Recall that with data $X_1,\ldots,X_n$,drawn i.i.d. from a Gaussian distribution with mean $\mu$ and variance $\sigma^2$, the maximum likelihood estimates for $\mu$ and $\sigma^2$ are:

$$\hat{\mu} = \frac{1}{n}\sum_{i=1}^n X_i$$
$$\hat{\sigma}^2 = \frac{1}{n}\sum_{i=1}^n (X_i - \hat{\mu})^2$$

Write a function which takes in a list of data and computes the maximum likeihood estimate for the mean and variance.

Your function should return a tuple of (mean, variance)

In [None]:
def compute_mean_and_var(data):
    """Compute the mean and variance"""
    
    # YOUR CODE HERE
    raise NotImplementedError()

In [None]:
"""Check that means and variances are computed correctly"""

# Don't worry about the use of numpy, it's just for testing
import numpy as np
# set the seed so it's the same across runs
np.random.seed(1234)

# test data
data = list(np.random.randn(1000))
# compute mean and variance and make sure it's right
mean, var = compute_mean_and_var(data)
np.testing.assert_approx_equal(mean, 0.01574, 3)
np.testing.assert_approx_equal(var, 0.9468, 3)

## Part B: MLE for Log-Normal (2 points)
We say that a random variable $X$ is **Log-Normally distributed** if $\log X$ is normally distributed.
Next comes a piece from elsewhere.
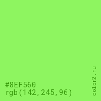 Цвет #8EF560 в цветовой модели RGB обозначается тремя октетами (142, 245, 96) в десятичном формате и #8EF560 в шестнадцатиричном (hex) формате, которые являются интенсивностью красного 142 (hex 8E), интенсивность зелёного 245 (hex F5) и интенсивность синего 96 (hex 60).
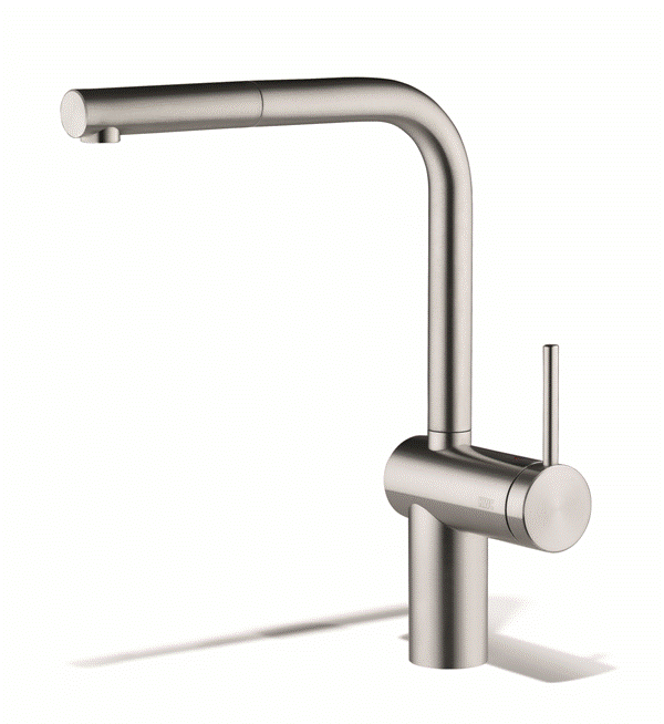 Einhebelmischer mit Pendelbrause mit schwenkbarem Auslauf Oberfläche: Edelstahl massiv

If we have data $X_1,\ldots,X_n$ that are log normally distributed, then we can use $\log X_1, \ldots, \log X_n$ to estimate the parameters of the log normal distribution with 
$$\hat{\mu} = \frac{1}{n}\sum_{i=1}^n \log X_i$$
$$\hat{\sigma}^2 = \frac{1}{n}\sum_{i=1}^n (\log X_i - \hat{\mu})^2$$
Write a function which computes the maximum liklihood estimates.

If any of the data are non-positive, then it cannot be log normally distributed. For this problem we'll assume non-positive numbers are missing, so make sure your function removes negative values. If all values are non-positive, return a `ValueError`

In [None]:
import math

def compute_log_mean_and_var(data):
    """Compute the MLE estimates of the parameters for a log normal"""
    
    # YOUR CODE HERE
    raise NotImplementedError()

In [None]:
"""Check that mle parameters are computed correctly"""
# test data
np.random.seed(1234)
data = list(np.exp(np.random.randn(1000))) + [-1]
# compute mean and variance and make sure it's right
mean, var = compute_log_mean_and_var(data)
np.testing.assert_approx_equal(mean, 0.01574, 3)
np.testing.assert_approx_equal(var, 0.9468, 3)

In [None]:
"""Check for correct exception throwing"""
try:
    compute_log_mean_and_var([-1,-4])
except ValueError:
    pass
else:
    raise AssertionError("ValueError not thrown")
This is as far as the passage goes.